> _Exercise_: Go to the line holding "The Sweet Escape" in the entries below and write out exactly every line down to and including the line holding "Esta divertida pegatina".

> _Given records_:

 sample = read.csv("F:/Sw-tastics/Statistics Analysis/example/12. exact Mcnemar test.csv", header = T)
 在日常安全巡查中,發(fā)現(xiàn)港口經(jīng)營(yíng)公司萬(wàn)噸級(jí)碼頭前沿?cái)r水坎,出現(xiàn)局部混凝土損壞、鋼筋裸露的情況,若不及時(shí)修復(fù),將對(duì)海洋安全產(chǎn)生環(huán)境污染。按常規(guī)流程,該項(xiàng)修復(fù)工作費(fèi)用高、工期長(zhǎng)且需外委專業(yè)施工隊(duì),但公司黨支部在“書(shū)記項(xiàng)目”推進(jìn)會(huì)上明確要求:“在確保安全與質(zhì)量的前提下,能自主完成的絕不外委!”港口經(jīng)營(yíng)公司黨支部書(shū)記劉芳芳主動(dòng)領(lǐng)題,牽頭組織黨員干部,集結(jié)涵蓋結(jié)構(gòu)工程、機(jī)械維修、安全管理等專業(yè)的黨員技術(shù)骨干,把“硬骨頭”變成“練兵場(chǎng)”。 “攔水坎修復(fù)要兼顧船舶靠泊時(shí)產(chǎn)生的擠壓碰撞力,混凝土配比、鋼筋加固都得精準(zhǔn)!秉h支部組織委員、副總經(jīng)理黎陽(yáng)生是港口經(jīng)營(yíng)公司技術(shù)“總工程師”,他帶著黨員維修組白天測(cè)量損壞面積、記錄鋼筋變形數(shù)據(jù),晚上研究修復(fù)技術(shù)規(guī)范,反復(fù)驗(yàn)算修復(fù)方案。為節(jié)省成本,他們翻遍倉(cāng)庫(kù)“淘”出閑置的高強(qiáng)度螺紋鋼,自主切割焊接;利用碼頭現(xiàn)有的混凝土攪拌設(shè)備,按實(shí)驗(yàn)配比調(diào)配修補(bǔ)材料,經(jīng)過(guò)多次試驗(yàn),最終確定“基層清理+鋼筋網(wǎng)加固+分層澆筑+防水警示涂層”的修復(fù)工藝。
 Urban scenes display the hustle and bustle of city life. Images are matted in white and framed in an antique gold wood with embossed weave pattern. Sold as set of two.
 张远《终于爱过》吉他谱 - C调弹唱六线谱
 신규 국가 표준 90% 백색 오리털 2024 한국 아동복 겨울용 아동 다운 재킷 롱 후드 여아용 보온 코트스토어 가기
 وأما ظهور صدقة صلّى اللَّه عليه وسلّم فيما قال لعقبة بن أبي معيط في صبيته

--

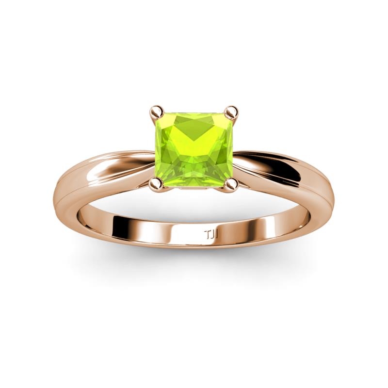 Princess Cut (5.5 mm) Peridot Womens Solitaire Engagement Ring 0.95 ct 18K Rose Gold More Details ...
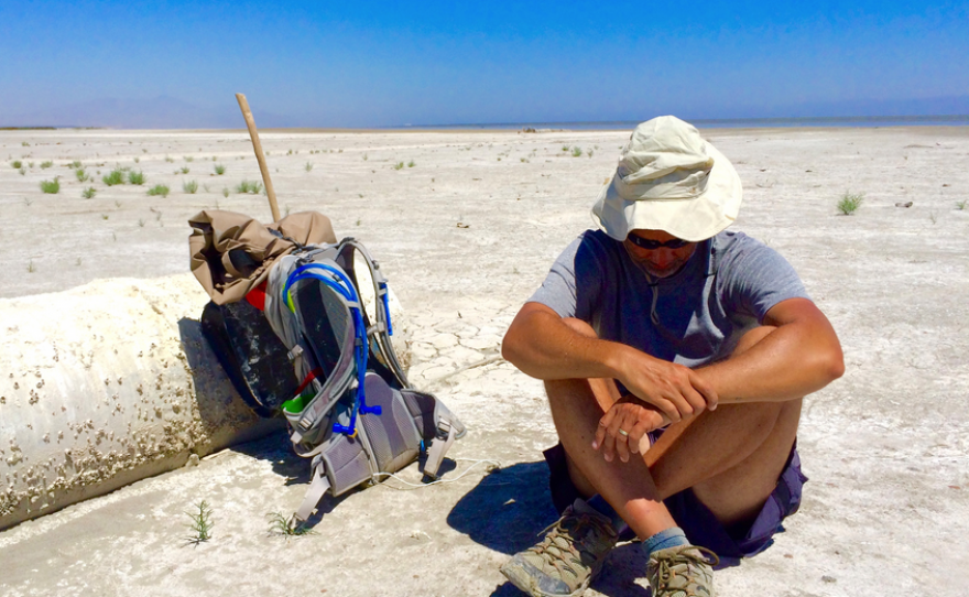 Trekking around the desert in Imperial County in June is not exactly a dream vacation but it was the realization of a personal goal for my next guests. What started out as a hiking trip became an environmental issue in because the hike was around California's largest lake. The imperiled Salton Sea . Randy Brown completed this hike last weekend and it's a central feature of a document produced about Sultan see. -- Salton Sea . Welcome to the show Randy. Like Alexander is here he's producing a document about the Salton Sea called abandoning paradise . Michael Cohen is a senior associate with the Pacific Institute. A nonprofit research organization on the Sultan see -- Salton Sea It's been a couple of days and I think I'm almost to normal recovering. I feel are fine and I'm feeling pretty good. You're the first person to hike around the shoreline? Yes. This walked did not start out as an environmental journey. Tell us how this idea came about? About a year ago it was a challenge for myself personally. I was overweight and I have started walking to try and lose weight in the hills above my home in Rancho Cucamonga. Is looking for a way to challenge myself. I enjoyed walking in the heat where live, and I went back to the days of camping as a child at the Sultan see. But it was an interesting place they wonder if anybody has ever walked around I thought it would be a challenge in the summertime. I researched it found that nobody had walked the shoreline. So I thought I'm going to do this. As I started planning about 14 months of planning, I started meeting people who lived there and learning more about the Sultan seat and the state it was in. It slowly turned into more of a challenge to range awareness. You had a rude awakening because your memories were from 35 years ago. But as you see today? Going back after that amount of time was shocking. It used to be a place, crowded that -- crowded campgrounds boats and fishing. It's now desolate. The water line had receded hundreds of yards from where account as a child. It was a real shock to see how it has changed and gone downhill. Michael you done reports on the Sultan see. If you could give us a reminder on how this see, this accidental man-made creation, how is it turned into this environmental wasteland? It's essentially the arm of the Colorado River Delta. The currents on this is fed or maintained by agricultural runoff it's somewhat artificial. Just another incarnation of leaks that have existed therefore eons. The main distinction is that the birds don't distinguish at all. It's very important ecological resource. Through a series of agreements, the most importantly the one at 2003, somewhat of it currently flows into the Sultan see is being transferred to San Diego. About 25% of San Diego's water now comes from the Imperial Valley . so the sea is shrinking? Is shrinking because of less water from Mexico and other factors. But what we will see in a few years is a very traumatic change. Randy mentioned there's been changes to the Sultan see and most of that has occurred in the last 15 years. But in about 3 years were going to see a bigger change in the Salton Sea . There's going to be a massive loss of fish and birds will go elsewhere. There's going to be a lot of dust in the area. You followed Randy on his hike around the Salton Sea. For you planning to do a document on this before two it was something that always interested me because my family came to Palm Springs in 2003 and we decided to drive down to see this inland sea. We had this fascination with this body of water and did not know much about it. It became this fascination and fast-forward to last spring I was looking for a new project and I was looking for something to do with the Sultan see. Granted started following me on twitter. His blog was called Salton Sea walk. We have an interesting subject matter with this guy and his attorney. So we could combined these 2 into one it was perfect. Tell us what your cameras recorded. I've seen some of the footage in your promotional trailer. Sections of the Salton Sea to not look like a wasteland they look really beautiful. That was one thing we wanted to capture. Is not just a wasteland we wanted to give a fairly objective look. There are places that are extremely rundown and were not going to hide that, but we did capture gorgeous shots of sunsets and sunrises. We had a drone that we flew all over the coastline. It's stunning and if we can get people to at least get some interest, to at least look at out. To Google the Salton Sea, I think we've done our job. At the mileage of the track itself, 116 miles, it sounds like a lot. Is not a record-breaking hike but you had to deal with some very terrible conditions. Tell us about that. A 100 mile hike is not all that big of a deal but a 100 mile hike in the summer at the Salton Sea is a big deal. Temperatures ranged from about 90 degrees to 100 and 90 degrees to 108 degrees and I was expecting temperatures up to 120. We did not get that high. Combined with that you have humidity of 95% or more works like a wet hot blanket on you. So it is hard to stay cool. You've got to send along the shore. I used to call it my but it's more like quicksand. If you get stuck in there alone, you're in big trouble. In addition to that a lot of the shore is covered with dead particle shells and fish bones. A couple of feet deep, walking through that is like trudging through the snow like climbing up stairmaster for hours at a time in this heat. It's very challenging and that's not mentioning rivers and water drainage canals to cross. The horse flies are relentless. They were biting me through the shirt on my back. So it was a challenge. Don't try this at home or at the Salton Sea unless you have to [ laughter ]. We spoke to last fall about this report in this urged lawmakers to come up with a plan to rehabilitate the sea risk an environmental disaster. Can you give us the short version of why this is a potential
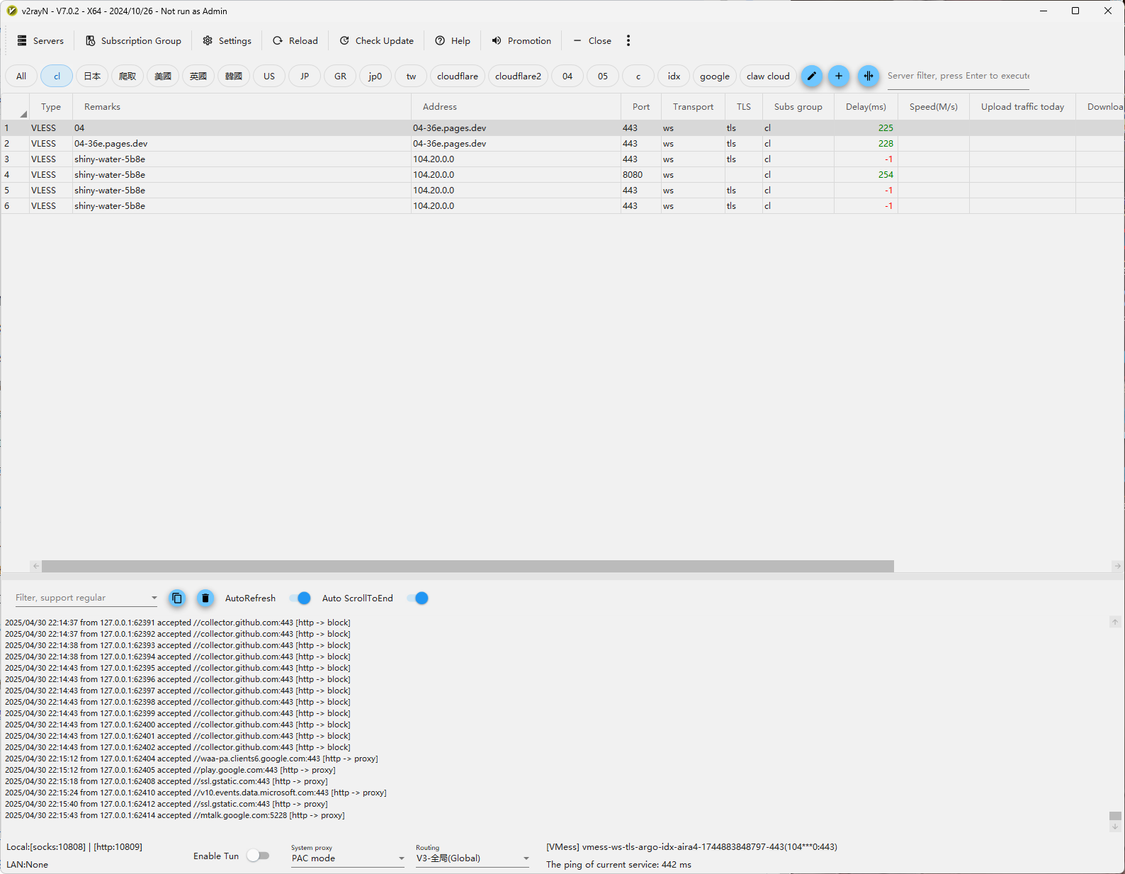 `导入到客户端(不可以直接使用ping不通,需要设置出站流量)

...

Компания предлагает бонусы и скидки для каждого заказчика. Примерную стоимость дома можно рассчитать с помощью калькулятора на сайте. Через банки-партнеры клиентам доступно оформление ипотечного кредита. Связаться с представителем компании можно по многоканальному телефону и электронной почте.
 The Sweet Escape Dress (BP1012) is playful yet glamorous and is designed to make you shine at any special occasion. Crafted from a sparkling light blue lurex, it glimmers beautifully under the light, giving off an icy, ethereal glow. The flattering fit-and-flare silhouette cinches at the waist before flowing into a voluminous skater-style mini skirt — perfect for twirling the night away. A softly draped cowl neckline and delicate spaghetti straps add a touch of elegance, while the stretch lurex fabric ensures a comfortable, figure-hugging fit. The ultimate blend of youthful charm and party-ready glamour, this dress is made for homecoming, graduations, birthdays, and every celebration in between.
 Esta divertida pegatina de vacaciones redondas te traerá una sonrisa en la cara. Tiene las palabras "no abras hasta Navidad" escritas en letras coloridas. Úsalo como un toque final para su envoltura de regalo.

> _Answer section_:
 The Sweet Escape Dress (BP1012) is playful yet glamorous and is designed to make you shine at any special occasion. Crafted from a sparkling light blue lurex, it glimmers beautifully under the light, giving off an icy, ethereal glow. The flattering fit-and-flare silhouette cinches at the waist before flowing into a voluminous skater-style mini skirt — perfect for twirling the night away. A softly draped cowl neckline and delicate spaghetti straps add a touch of elegance, while the stretch lurex fabric ensures a comfortable, figure-hugging fit. The ultimate blend of youthful charm and party-ready glamour, this dress is made for homecoming, graduations, birthdays, and every celebration in between.
 Esta divertida pegatina de vacaciones redondas te traerá una sonrisa en la cara. Tiene las palabras "no abras hasta Navidad" escritas en letras coloridas. Úsalo como un toque final para su envoltura de regalo.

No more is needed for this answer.